As we were learning about deviance, I often associated to 19th century French artists who mad efforts to break the middle class norms – or to the contrary, tried hard to integrate and fit in.
There was, for one example, the poet Gérard de Nerval who often walked in the parks of Paris leading his pet lobster on a blue ribbon. Of course he was getting surprised looks from the passers-by: walking a lobster instead of a dog? When pressed for an explanation, the poet just asked back with a false naive attitude: why, what is the difference? A lobster at least doesn’t bark.
While this is an example of violating a folkway in a rather harmless way, other artists in the second half of the 19th century went farther in provocating the public. “You must shock the Bourgeois,” said the symbolist poet Charles Baudelaire. Shocking the middle class through mocking their values and violating their norms became the program of a group of writers referred to as the ‘decadents.’ Many of these poets were interested in the effects of drugs on the consciousness, launching themselves in experimentation, and even founding a ‘Club of Hashish-Eaters.’ (The above-mentioned Gérard de Nerval was a member, along with Victor Hugo and others.)
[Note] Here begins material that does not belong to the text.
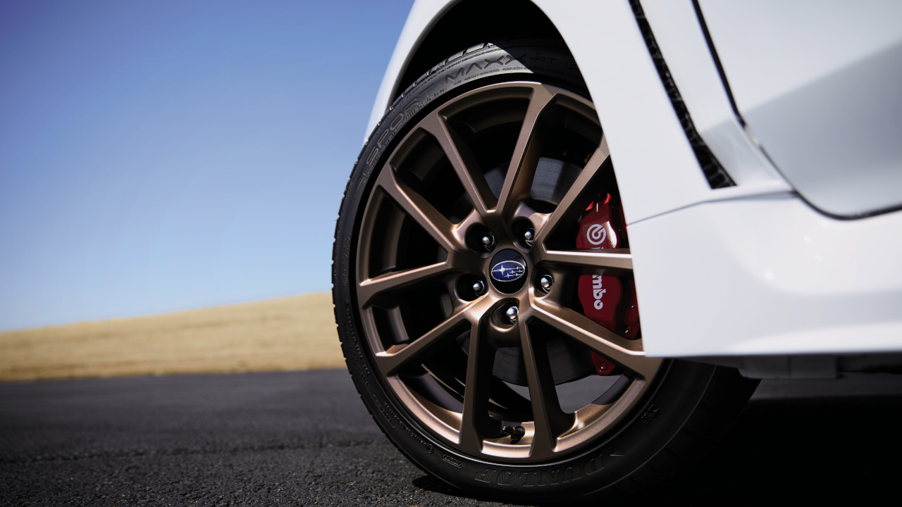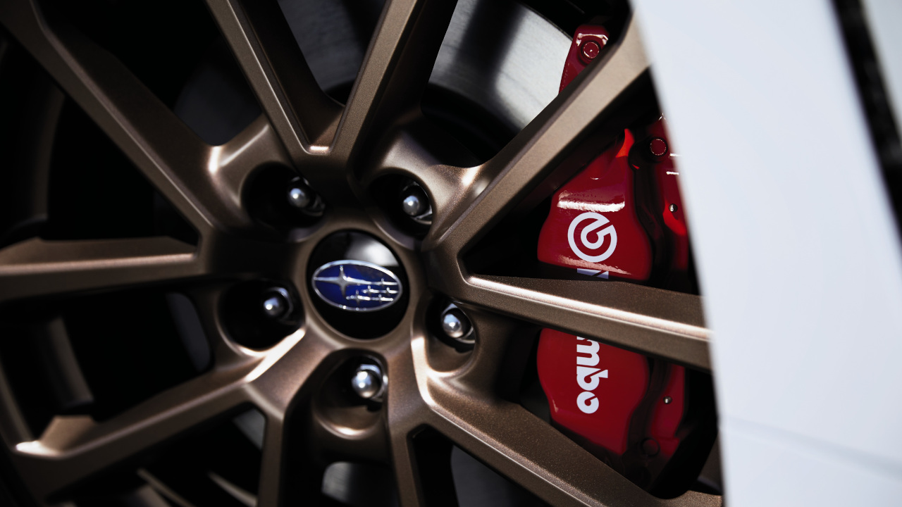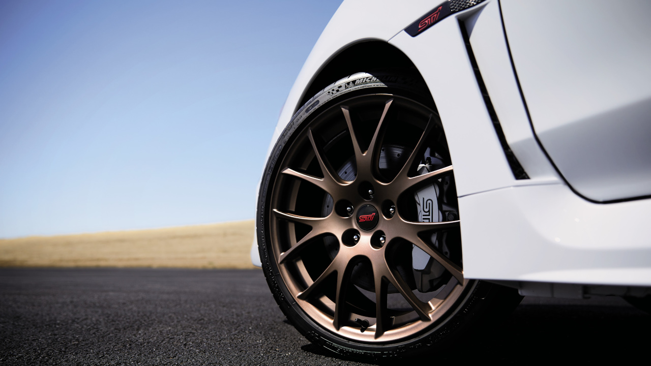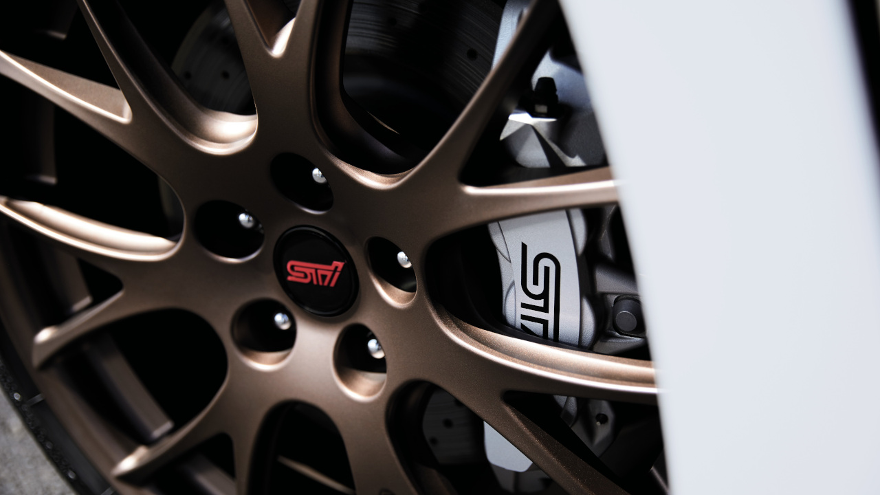 Διαφορετικές είναι και οι βάσεις της κρεμαγιέρας για καλύτερη αίσθηση στο τιμόνι, ενώ σε αυτή την περίπτωση οι δαγκάνες της Brembo είναι 6πίστονες μονομπλόκ εμπρός και δύο εμβόλων πίσω, βαμμένες ασημί και φέρουν και το logo της Subaru Technical International. Για να μειωθεί το βάρος, η ρεζέρβα απουσιάζει και στη θέση της έχει τοποθετηθεί ένα κιτ επισκευής ελαστικών. Οι σφυρήλατες ζάντες προέρχονται από την BBS και είναι 19 ιντσών και τα σήματα είναι βαμμένα σε μαύρο ματ χρώμα.

The theme of drug-induced hallucinations appeared in art and poetry a lot. Also, many artists of the time were a fan of a green-colored alcoholic drink called absinthe, which was believed to be strongly mind-altering (although it probably wasn’t, but it still became a symbol of decadence). Drinking absinthe, along with going to cabarets, made part of the ‘bohemian’ lifestyle the artists of the Montmartre were famous for. The term bohemian means gypsy-like, and suggests that these artists were standing apart from the mainstream society.
For an artist at the time, finding a respectable place in the contemporary society would have meant to either get large commissions, or to exhibit at the Salon. The latter was an official yearly art show, where the works accepted by a jury were shared with the public. Those artists who did not stick to the fashionable style of the time, but rather tried new ways of painting, had poor chance to get admitted to the Salon. Frustrated, the group of the ‘impressionist’ painters decided to give up trying, and to accept their separate standing, exhibiting their works in alternative ways. (One could associate here to what we have learned about possible reactions to an experience of anomie.)
An exception was Edouard Manet, who was in fact a bourgeois in his heart, and never gave up trying to become an accepted Salon painter, even though he was regularly rejected – and many of his works were considered as scandalous. One of his masterpieces, The Luncheon on the Grass, was not accepted to the 1863 Salon, but was displayed at an independent art show. Even there, it created a big scandal. A nude woman sitting on the grass, next to two fully dressed men? This would have seemed acceptable to the public if there had been a mythological theme to justify the nudity, but there was none. The picture just represented a group of contemporary people having a picnic.